A commanding 52-35 first half paved the way for the Sixers' win in front of 9377 fans at the Adelaide Entertainment Centre on Thursday night.
Captain Dejan Vasiljevic (22 points), Isaac Humphries (22), Kendric Davis (21) and Montrezl Harrell (14 points, 12 rebounds) starred for the 36ers, who were never threatened after their initial burst out of the blocks.
"The fans were just awesome and the guys were dialled into the details," Wells said.
"DJ (Vasiljevic) made some shots early, Ice (Humphries) got rolling, Kendric got playing and things rolled downhill for us a little bit."
Import Matt Hurt (32 points) was superb but had little support for the Phoenix who slumped to 0-4, their offence stagnant and their defence leaky.
Vasiljevic and Humphries were active from the opening tip, steering the hosts to a 7-1 start which developed into a 25-16 lead when exciting import Harrell threw down a monster putback dunk on the quarter-time siren.

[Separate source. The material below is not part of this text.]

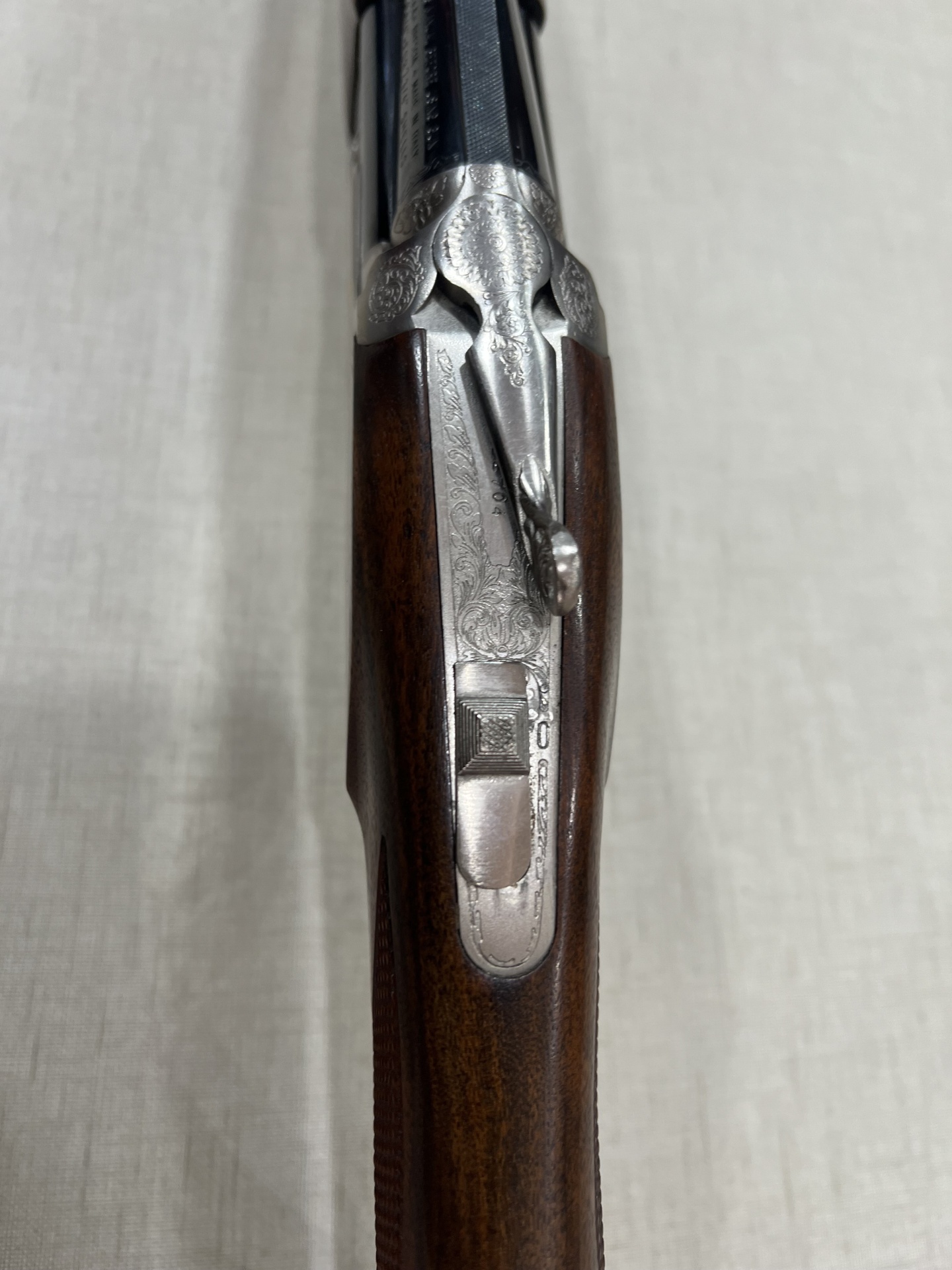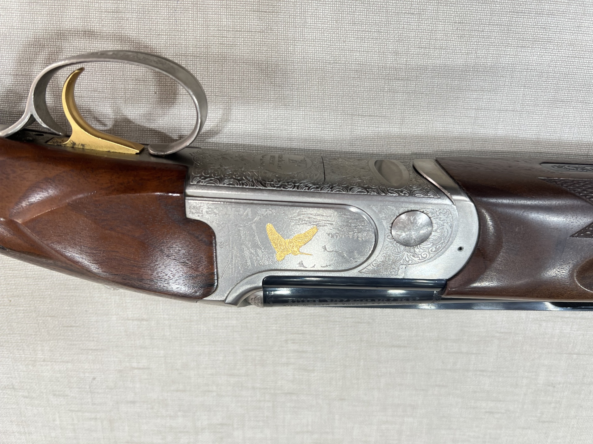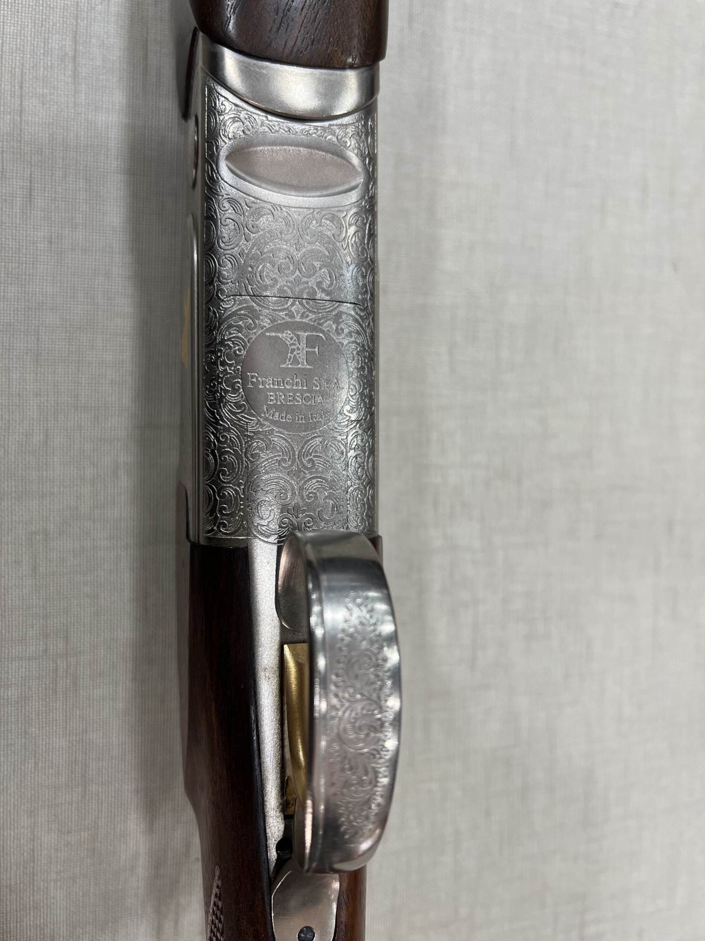 Espingarda com caixa metálica gravada e cabo de madeira sobre fundo cinza claro

The Phoenix connected on just 30 per cent from the floor and 11 per cent from three-point territory in the opening term, before their struggles continued in the second, repeatedly undone by Vasiljevic's shooting, Humphries' inside work and Davis's playmaking.
Hurt waged a solo vigil as the Sixers sprinted further clear with a 27-19 second period.
Vasiljevic started the third quarter with a corner three, shortly before SEM centre Jordan Hunter chalked up his fourth foul, as the margin ballooned to 20 points.
Harrell and Phoenix enforcer Tom Vodanovich were whistled for a double tech for engaging in push-and-shove late in the third term, before 36ers head of high performance Nik Popovic was ejected at the start of the final quarter for stepping onto the court during the melee.
Spearheaded by Hurt, Phoenix rallied to trim the gap to 13 points at three-quarter time and single digits in the fourth but a miracle comeback was never a realistic prospect.
"That first half they jumped on us," Phoenix coach Mike Kelly said.
"Anytime you give up 52 points in a half, unless you're scoring freely yourself, it's going to be difficult."